Alex Anthopoulos walked over to where Jim Leyland and John Gibbons were sitting in the stucco-and-green-grass spring training park in Lakeland, Fla., just to say hello.
Leyland, the warhorse manager of the Detroit Tigers, looked up.
"I want to congratulate you," he said in his cigarette-soaked voice, "for having big balls, for bringing him back."
Life has changed for Anthopoulos since he took the job as general manager of the Toronto Blue Jays in 2009, at the age of 32.
Back then, he would lie awake in bed, thinking about every major decision; he would talk to everybody he could think of, up to and including the janitor, looking for more information. It took him nearly a year to hire an administrative assistant, after rustling up a list of 15 candidates.
That's not Alex Anthopoulos anymore.
"I don't agonize over decisions as much," he says, his phone buzzing every so often on the table. "And I think this off-season was really where -- you evolve, I think.
"I think what I learned is -- in the beginning, you still want to be a good leader and be inclusive. And I certainly still want to be all that.
"Over time, I've just forgot that, at times as an assistant GM, I did all kinds of things, but I had an opinion. I gave my opinion and it was my opinion and I didn't have to worry as much about it. Just boom, that's it.
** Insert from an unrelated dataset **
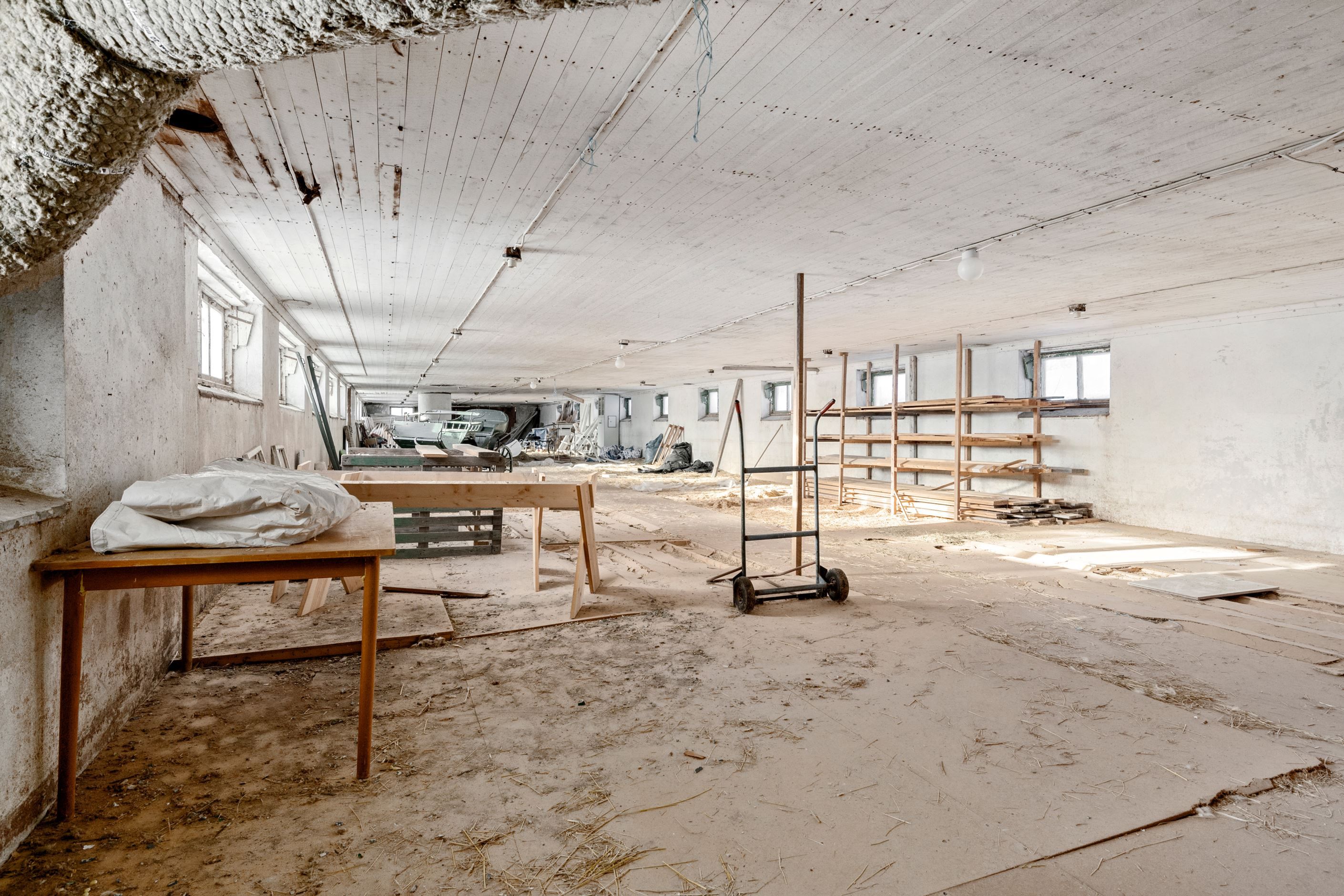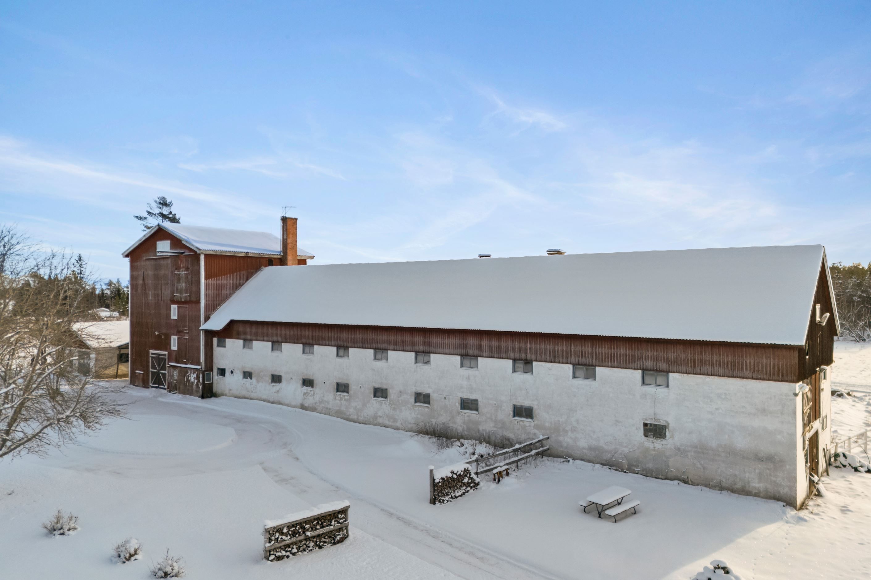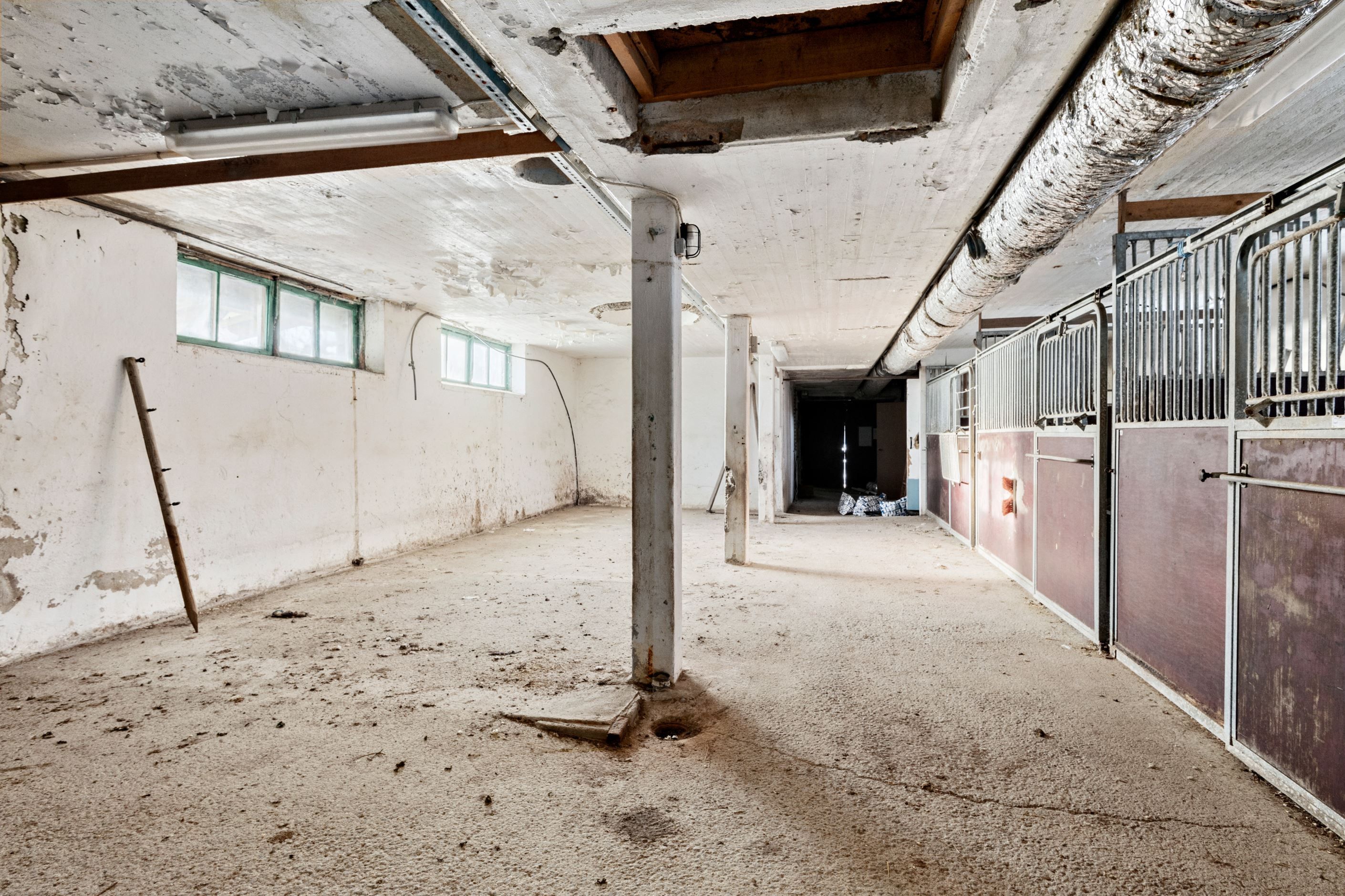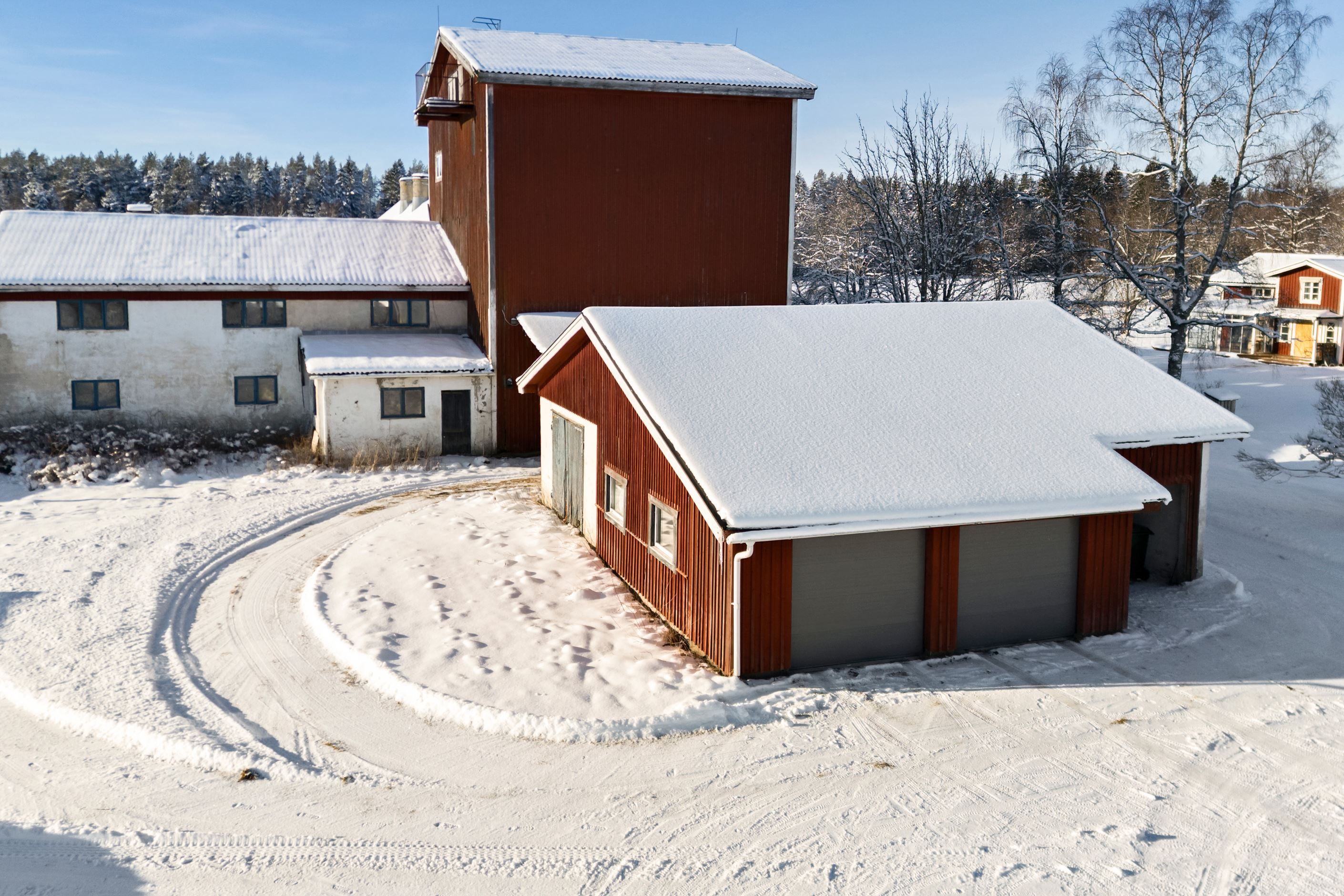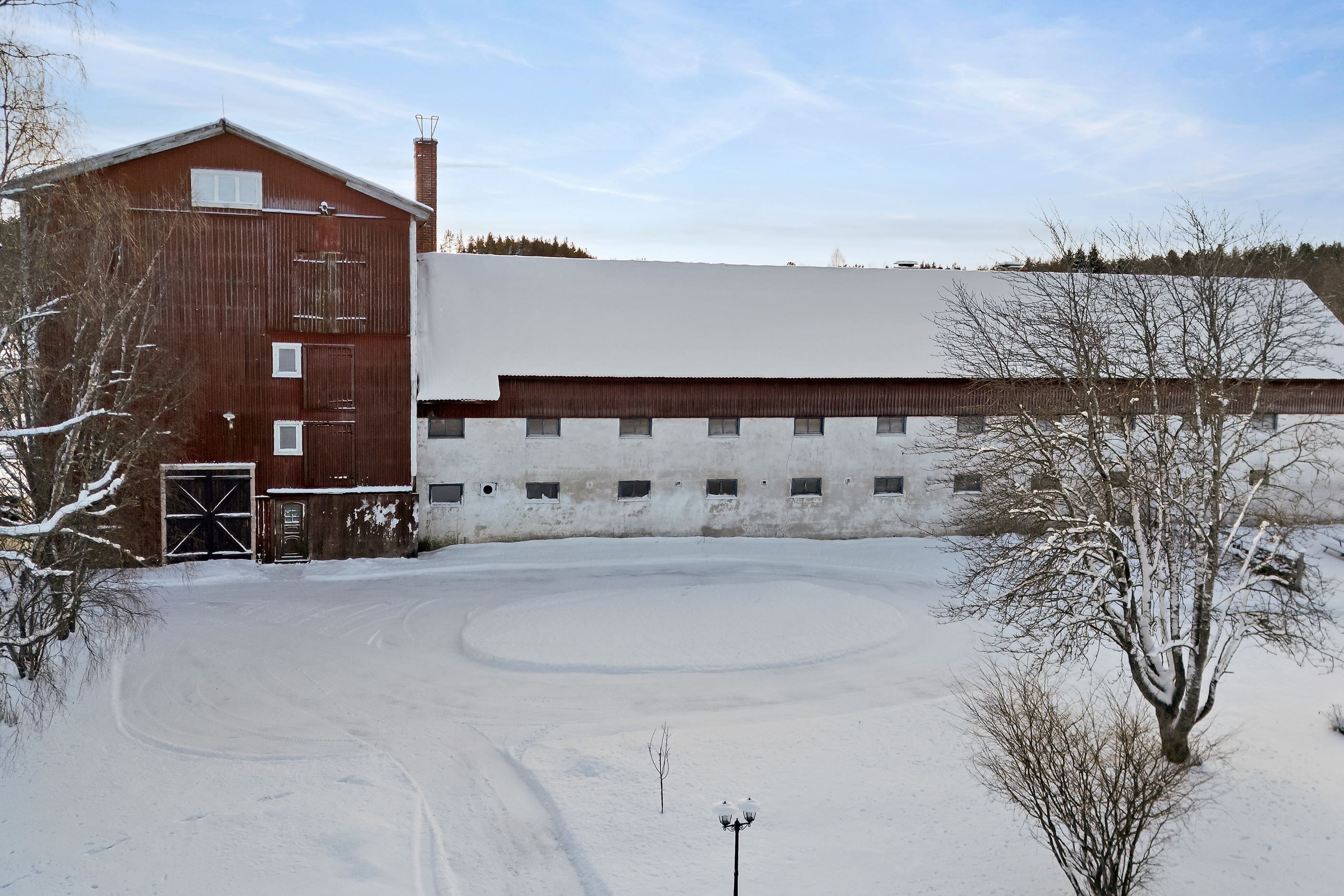 Ladugården är väldigt stor och har enorma ytor i flera plan. Här finns bl.a. ca. 15 hästboxar, förrådsytor stora som små och alla möjligheter som finns i och med det. Vid infarten finns ett dubbelt varmgarage.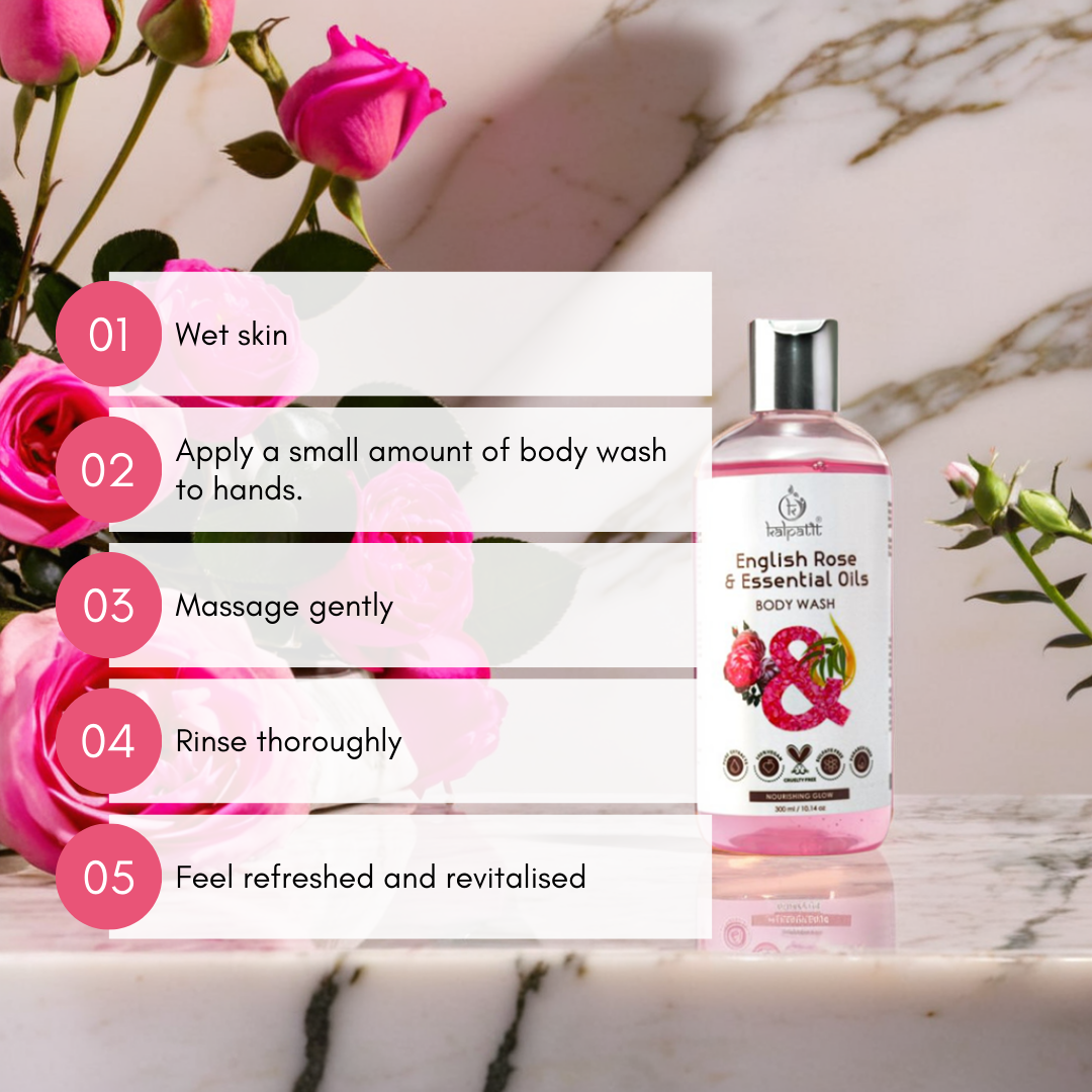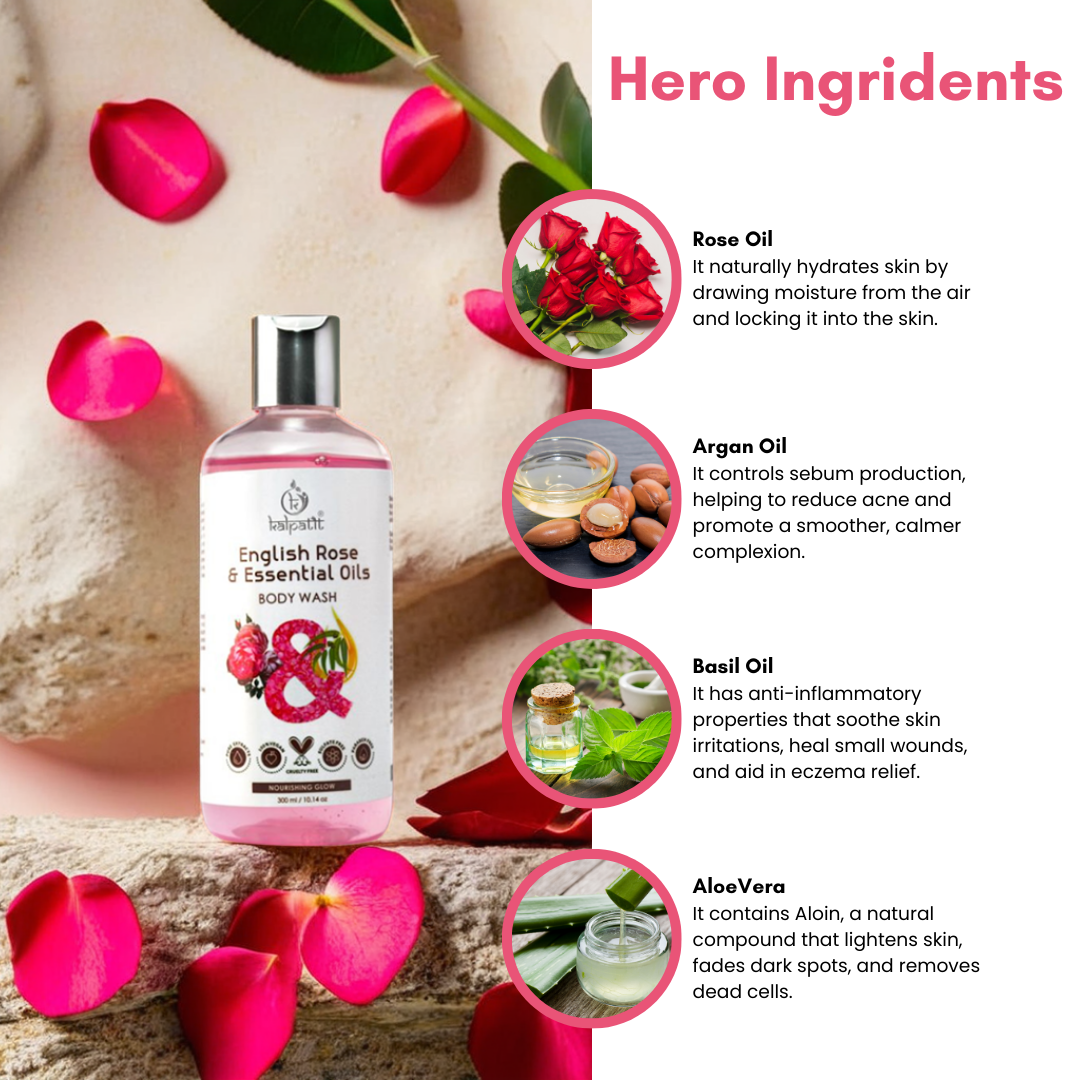 Bring yourself the pleasure of aromatic mornings with Kalpatit English Rose Body Wash. English Rose is rich in Vitamin C that will help nourish deep layers of skin and fade pigmentation marks. Argan Oil present in the product is popular for moisturising and hydrating your skin with high levels of Vitamin E and fatty acids present in them. So say goodbye to rough texture and uneven skin tone and enjoy the luxury of deep cleansing every morning with Rose Nourishing Glow body wash.

"But as a general manager, you're leading the organization and you're not doing the job by yourself. You want everybody included, everybody involved, respect everyone's opinion. But ... I forgot that now that I'm a GM, I forgot to actually ask myself my opinion; to pretend I'm in the room and say, 'Hey, what do you think?' Because that opinion should carry a little more weight, because if it's wrong, it's me anyway."
Anthopoulos had a busy off-season and it required big decisions. It required his staff's input, the input of the scouts and the result was a team remade: Three starters in R.A. Dickey, Josh Johnson and Mark Buehrle; a new starting shortstop in Jose Reyes; new pieces in Melky Cabrera and Emilio Bonifacio.